◆ **Required work**:
Only these lines of the data below are wanted: the one with "This is a warm, wintery", the one with "日本の伝統模様である小紋柄を", and any lines between them, each repeated exactly.

◆ **Source material**:
# # # # #

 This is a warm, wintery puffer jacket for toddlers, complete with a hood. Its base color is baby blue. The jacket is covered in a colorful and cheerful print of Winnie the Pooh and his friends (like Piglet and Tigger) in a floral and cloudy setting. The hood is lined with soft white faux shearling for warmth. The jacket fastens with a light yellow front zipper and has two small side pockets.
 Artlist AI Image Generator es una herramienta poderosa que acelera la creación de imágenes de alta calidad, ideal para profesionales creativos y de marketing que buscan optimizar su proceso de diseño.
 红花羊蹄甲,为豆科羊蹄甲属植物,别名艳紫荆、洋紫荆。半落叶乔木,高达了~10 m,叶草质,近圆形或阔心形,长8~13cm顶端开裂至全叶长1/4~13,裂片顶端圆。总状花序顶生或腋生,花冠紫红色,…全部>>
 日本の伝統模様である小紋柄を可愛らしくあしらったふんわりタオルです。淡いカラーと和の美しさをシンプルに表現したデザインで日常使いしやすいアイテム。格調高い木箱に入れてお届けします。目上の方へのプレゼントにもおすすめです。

# # # # #

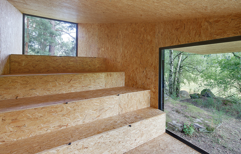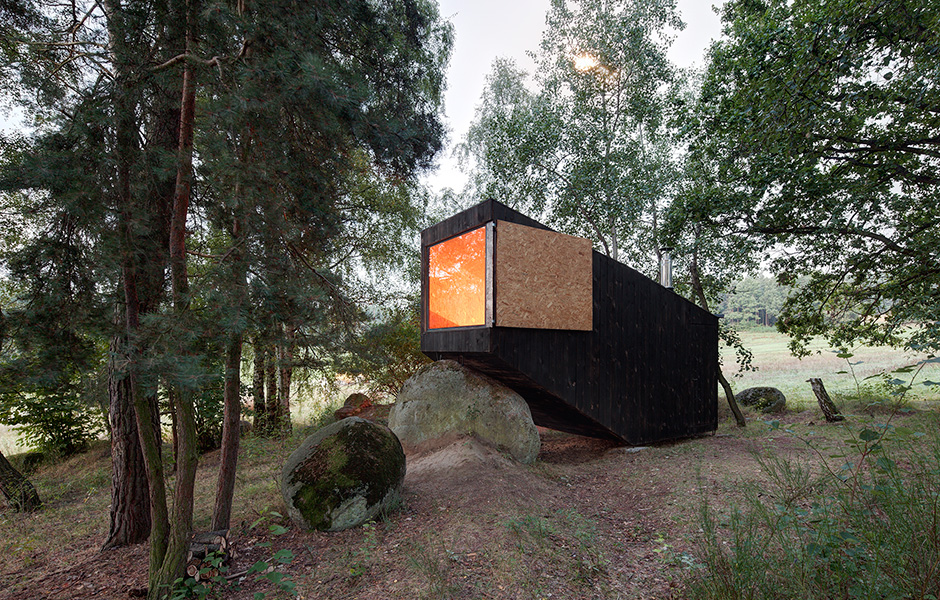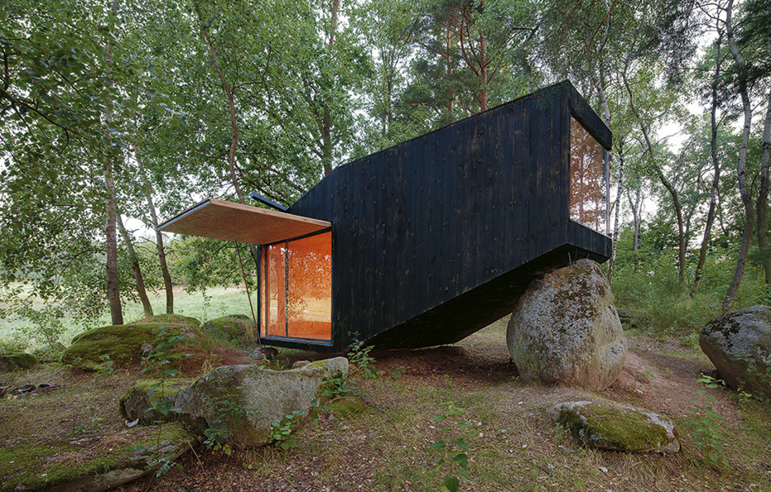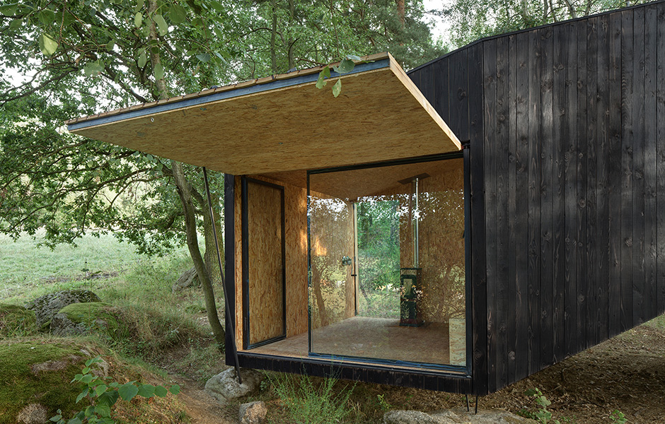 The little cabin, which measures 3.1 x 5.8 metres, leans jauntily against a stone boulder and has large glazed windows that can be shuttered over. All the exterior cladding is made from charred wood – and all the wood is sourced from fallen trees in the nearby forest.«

# # # # #

◆ **Expected answer**:
 This is a warm, wintery puffer jacket for toddlers, complete with a hood. Its base color is baby blue. The jacket is covered in a colorful and cheerful print of Winnie the Pooh and his friends (like Piglet and Tigger) in a floral and cloudy setting. The hood is lined with soft white faux shearling for warmth. The jacket fastens with a light yellow front zipper and has two small side pockets.
 Artlist AI Image Generator es una herramienta poderosa que acelera la creación de imágenes de alta calidad, ideal para profesionales creativos y de marketing que buscan optimizar su proceso de diseño.
 红花羊蹄甲,为豆科羊蹄甲属植物,别名艳紫荆、洋紫荆。半落叶乔木,高达了~10 m,叶草质,近圆形或阔心形,长8~13cm顶端开裂至全叶长1/4~13,裂片顶端圆。总状花序顶生或腋生,花冠紫红色,…全部>>
 日本の伝統模様である小紋柄を可愛らしくあしらったふんわりタオルです。淡いカラーと和の美しさをシンプルに表現したデザインで日常使いしやすいアイテム。格調高い木箱に入れてお届けします。目上の方へのプレゼントにもおすすめです。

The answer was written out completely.